» REQUIRED ACTION
Take nothing but the lines from the one with "This means 89.2%" through the one with "2.2. 根据流程图,完成S" in the entries below, both ends kept, and return them exactly with pictures left out.

INFORMATION SUPPLIED START

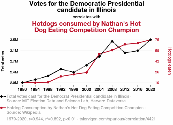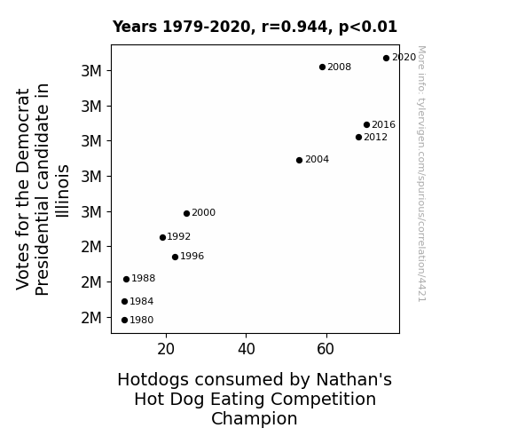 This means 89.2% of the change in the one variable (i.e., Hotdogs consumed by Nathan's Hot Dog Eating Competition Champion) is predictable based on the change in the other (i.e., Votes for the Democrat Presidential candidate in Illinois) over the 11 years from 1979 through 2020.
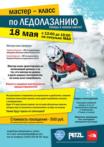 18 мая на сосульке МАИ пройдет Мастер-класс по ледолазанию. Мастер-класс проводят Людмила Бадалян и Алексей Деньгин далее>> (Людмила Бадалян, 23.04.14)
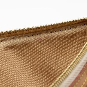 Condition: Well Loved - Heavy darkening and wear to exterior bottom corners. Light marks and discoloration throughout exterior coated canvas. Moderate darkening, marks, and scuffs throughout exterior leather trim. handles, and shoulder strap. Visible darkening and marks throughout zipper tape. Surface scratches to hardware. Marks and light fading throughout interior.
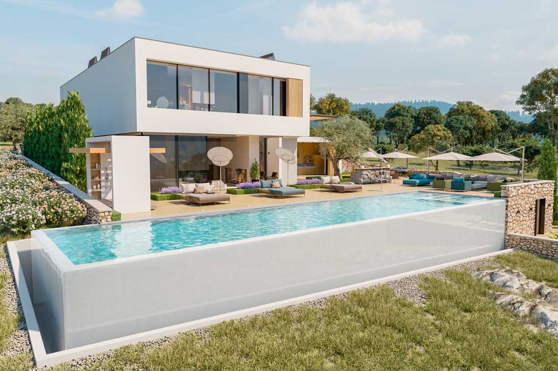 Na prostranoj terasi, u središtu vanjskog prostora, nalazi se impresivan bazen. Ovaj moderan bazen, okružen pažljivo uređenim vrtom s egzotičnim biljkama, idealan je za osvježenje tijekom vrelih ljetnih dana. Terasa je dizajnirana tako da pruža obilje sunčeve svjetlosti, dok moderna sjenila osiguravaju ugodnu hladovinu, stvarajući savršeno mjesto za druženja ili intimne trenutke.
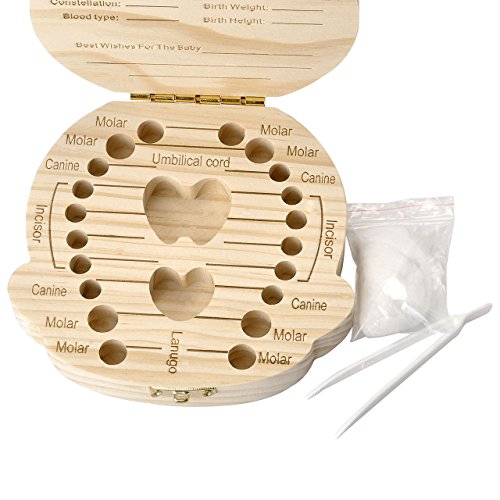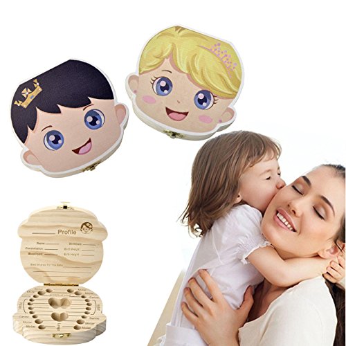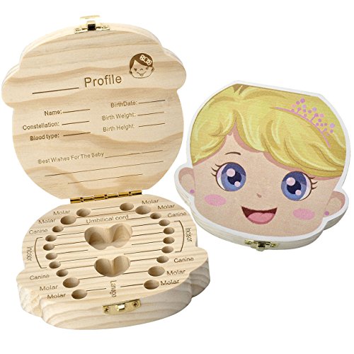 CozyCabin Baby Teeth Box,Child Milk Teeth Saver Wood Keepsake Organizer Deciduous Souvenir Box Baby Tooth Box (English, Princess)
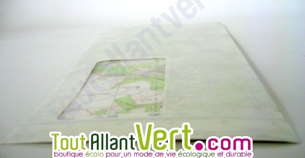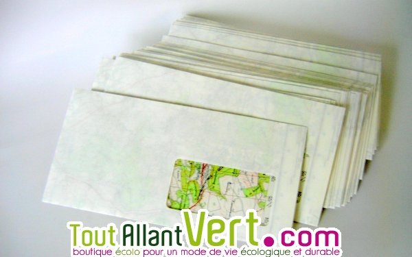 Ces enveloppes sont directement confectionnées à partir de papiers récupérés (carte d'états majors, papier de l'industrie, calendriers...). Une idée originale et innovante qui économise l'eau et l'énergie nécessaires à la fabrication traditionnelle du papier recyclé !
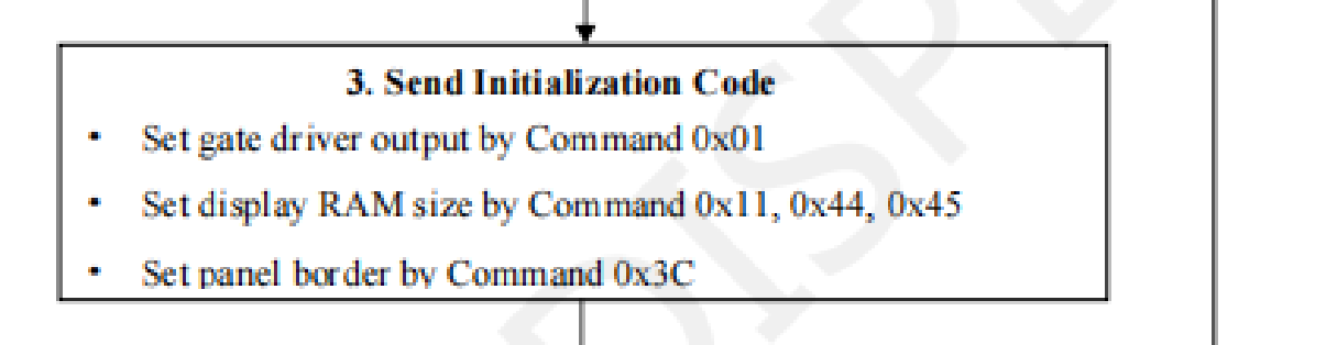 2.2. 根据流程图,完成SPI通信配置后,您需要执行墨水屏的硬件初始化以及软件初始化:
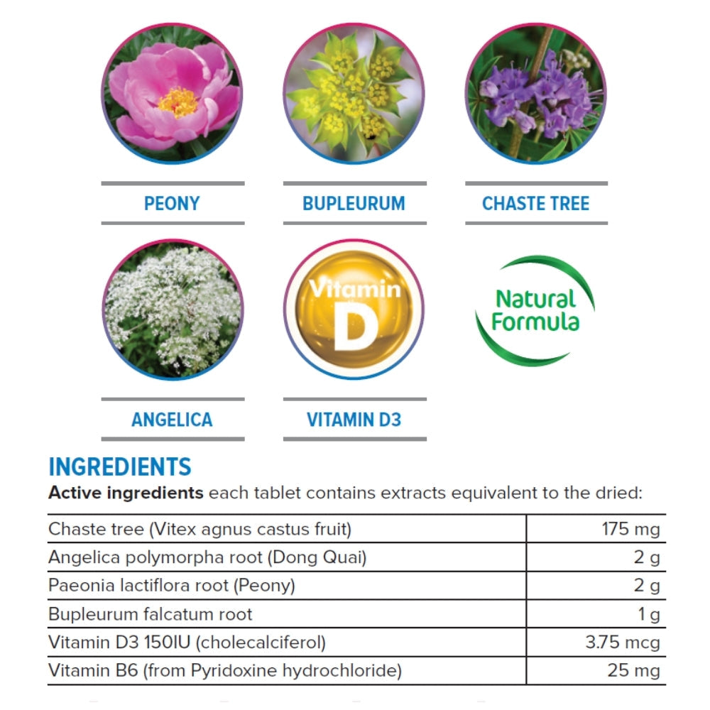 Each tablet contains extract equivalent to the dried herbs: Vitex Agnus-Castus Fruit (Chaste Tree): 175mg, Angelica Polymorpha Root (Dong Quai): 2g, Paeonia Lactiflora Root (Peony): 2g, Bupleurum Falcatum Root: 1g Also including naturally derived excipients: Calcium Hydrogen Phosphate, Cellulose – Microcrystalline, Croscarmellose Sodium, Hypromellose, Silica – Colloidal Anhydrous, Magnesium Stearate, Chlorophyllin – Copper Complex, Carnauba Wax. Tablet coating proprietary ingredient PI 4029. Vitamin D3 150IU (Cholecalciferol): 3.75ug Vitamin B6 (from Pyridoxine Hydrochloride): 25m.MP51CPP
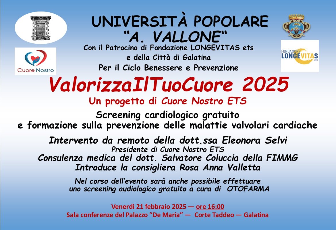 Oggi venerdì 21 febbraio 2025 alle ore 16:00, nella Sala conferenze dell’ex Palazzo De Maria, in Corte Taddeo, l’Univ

INFORMATION SUPPLIED END
INFORMATION SUPPLIED START

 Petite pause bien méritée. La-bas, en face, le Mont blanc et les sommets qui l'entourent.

INFORMATION SUPPLIED END
INFORMATION SUPPLIED START

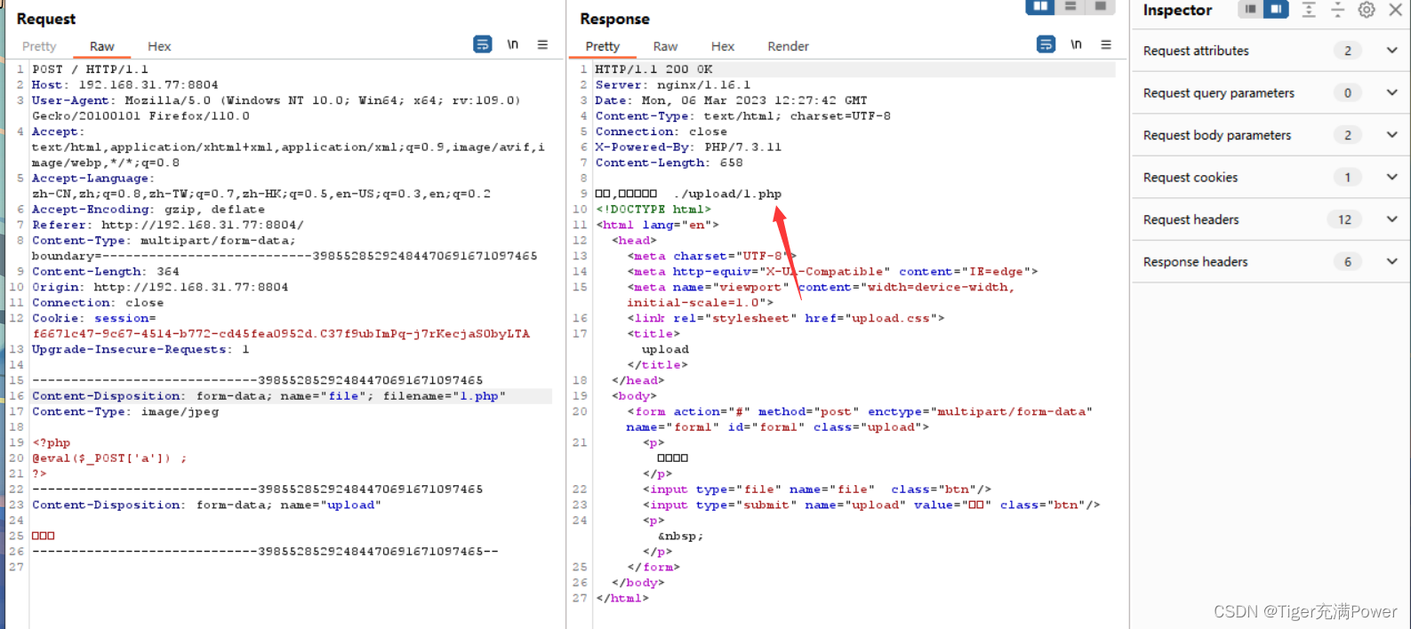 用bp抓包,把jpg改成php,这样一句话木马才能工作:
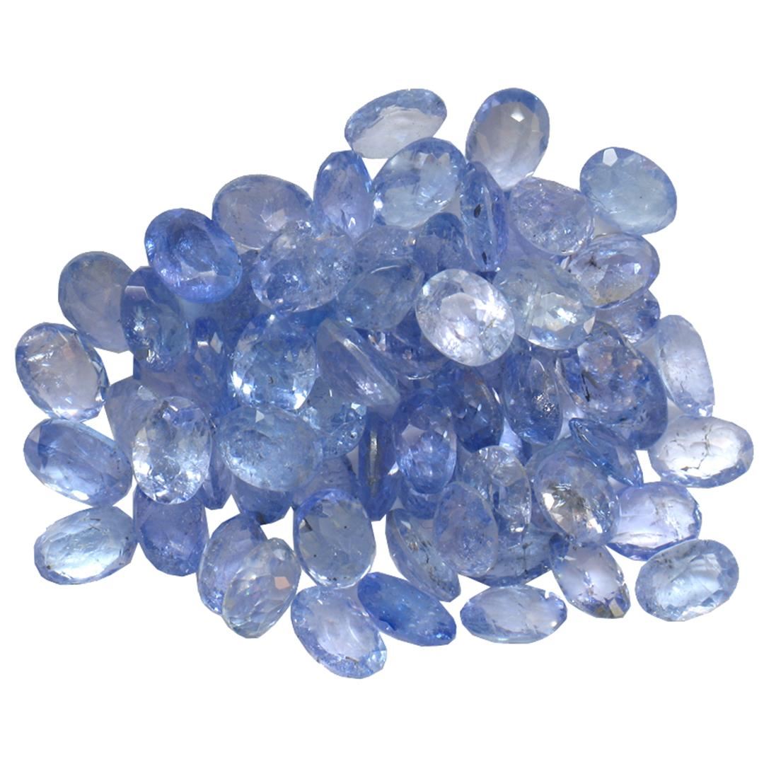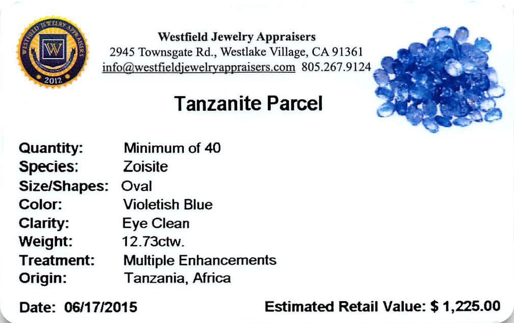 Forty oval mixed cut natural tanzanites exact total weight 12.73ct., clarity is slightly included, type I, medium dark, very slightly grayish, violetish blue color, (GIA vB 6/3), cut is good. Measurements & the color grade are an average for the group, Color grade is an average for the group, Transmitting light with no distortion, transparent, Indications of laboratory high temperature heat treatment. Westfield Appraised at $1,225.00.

INFORMATION SUPPLIED END

» RESPONSE TO THE TASK
 This means 89.2% of the change in the one variable (i.e., Hotdogs consumed by Nathan's Hot Dog Eating Competition Champion) is predictable based on the change in the other (i.e., Votes for the Democrat Presidential candidate in Illinois) over the 11 years from 1979 through 2020.
 18 мая на сосульке МАИ пройдет Мастер-класс по ледолазанию. Мастер-класс проводят Людмила Бадалян и Алексей Деньгин далее>> (Людмила Бадалян, 23.04.14)
 Condition: Well Loved - Heavy darkening and wear to exterior bottom corners. Light marks and discoloration throughout exterior coated canvas. Moderate darkening, marks, and scuffs throughout exterior leather trim. handles, and shoulder strap. Visible darkening and marks throughout zipper tape. Surface scratches to hardware. Marks and light fading throughout interior.
 Na prostranoj terasi, u središtu vanjskog prostora, nalazi se impresivan bazen. Ovaj moderan bazen, okružen pažljivo uređenim vrtom s egzotičnim biljkama, idealan je za osvježenje tijekom vrelih ljetnih dana. Terasa je dizajnirana tako da pruža obilje sunčeve svjetlosti, dok moderna sjenila osiguravaju ugodnu hladovinu, stvarajući savršeno mjesto za druženja ili intimne trenutke.
 CozyCabin Baby Teeth Box,Child Milk Teeth Saver Wood Keepsake Organizer Deciduous Souvenir Box Baby Tooth Box (English, Princess)
 Ces enveloppes sont directement confectionnées à partir de papiers récupérés (carte d'états majors, papier de l'industrie, calendriers...). Une idée originale et innovante qui économise l'eau et l'énergie nécessaires à la fabrication traditionnelle du papier recyclé !
 2.2. 根据流程图,完成SPI通信配置后,您需要执行墨水屏的硬件初始化以及软件初始化:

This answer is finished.